Some of the DOM operations used to turn the MSXML.DLL processor's DOM output into something that could be examined for correctness had an unanticipated side effect. They identified problems in the DOM implementation that had been hooked up to the underlying processor. These need to be worked around, otherwise exceptions, reflecting internal errors of some kind, are thrown by some DOM operations:
- The DocumentType node has children, which it should not. These children must be explicitly ignored for many operations. This may be the reason that Document.getElementsByTagName returned some elements more than once when they came from external entities.
- In some cases the Element.normalize method throws an exception. This seems coupled to external entities with just one character, marking a line end.
- Text declarations (<?xml encoding='...'?>) at the beginning of external entities are exposed as if they were processing instructions. (Regardless of partial syntactic similarities, the XML spec is quite explicit that processing instructions do not use the name 'xml.') These need to be explicitly removed or ignored in certain cases.
In addition, I noticed that in this DOM, the SYSTEM identifiers found in Entity nodes are not resolved. Several other DOM implementations provide such IDs in fully resolved form, making less work for applications that need to use such URIs.
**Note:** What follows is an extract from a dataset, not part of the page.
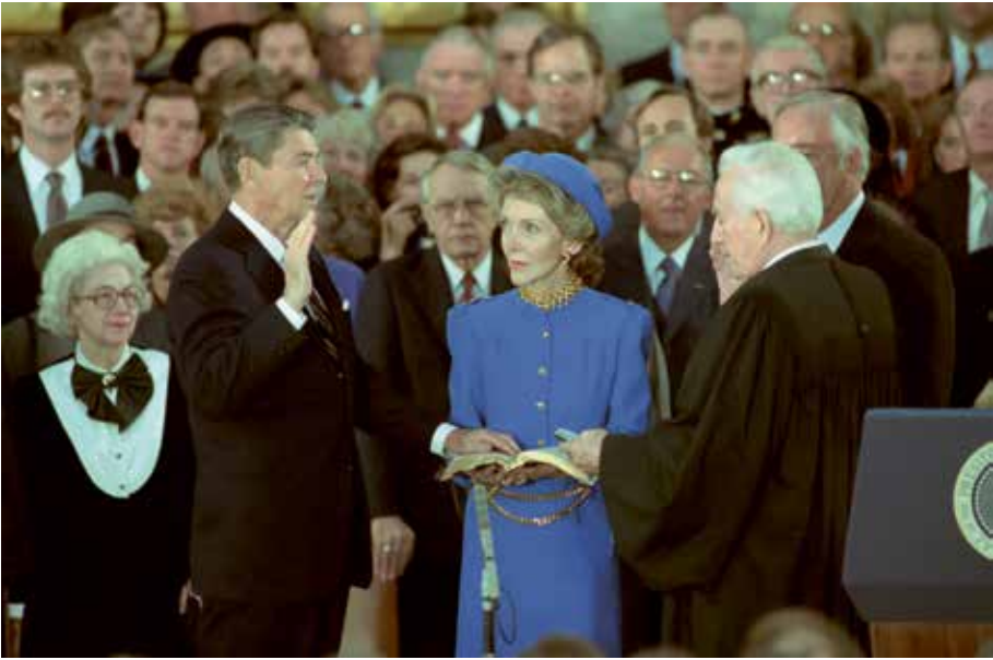
[Abb. 5] Ronald Reagan legt seinen Amtseid auf die Bibel der Familie Reagan ab, 21. Januar 1985; Washington D.C., Rotunde des Kapitols

verstärken würden. Es geht um einen Akt der Selbstermächtigung der verfassungsgebenden Versammlung, der sich nicht auf bereits vorhandene Symbole abstützen soll. Damit wäre der Eid 1792/93 auf dem Niveau einer lediglich gestisch gestützten Sprechhandlung angekommen.

The DOM specification should probably make both available because neither approach can address all problems.
The online MSDN documentation for this DOM was incorrect when I looked at it, though I understand that will be fixed. The reason is worrisome: when looking at this documentation with Netscape Communicator, I was served pages which didn't list a number of important standard methods for the NamedNodeList objects (such as the item method). I'm told that if it's read using Internet Explorer 5, and with use of ActiveX controls enabled, the content is correct. Since I disable use of ActiveX controls because of their security problems, accurate system documentation was unavailable to me.
As noted earlier, DOM still needs some work before it can truly be an implementation-independent API. This includes having ways to hook a DOM up to an XML processor (parsing document text into a DOM tree), and setting options for validation, whitespace handling, and use of various types of nodes in resulting tree.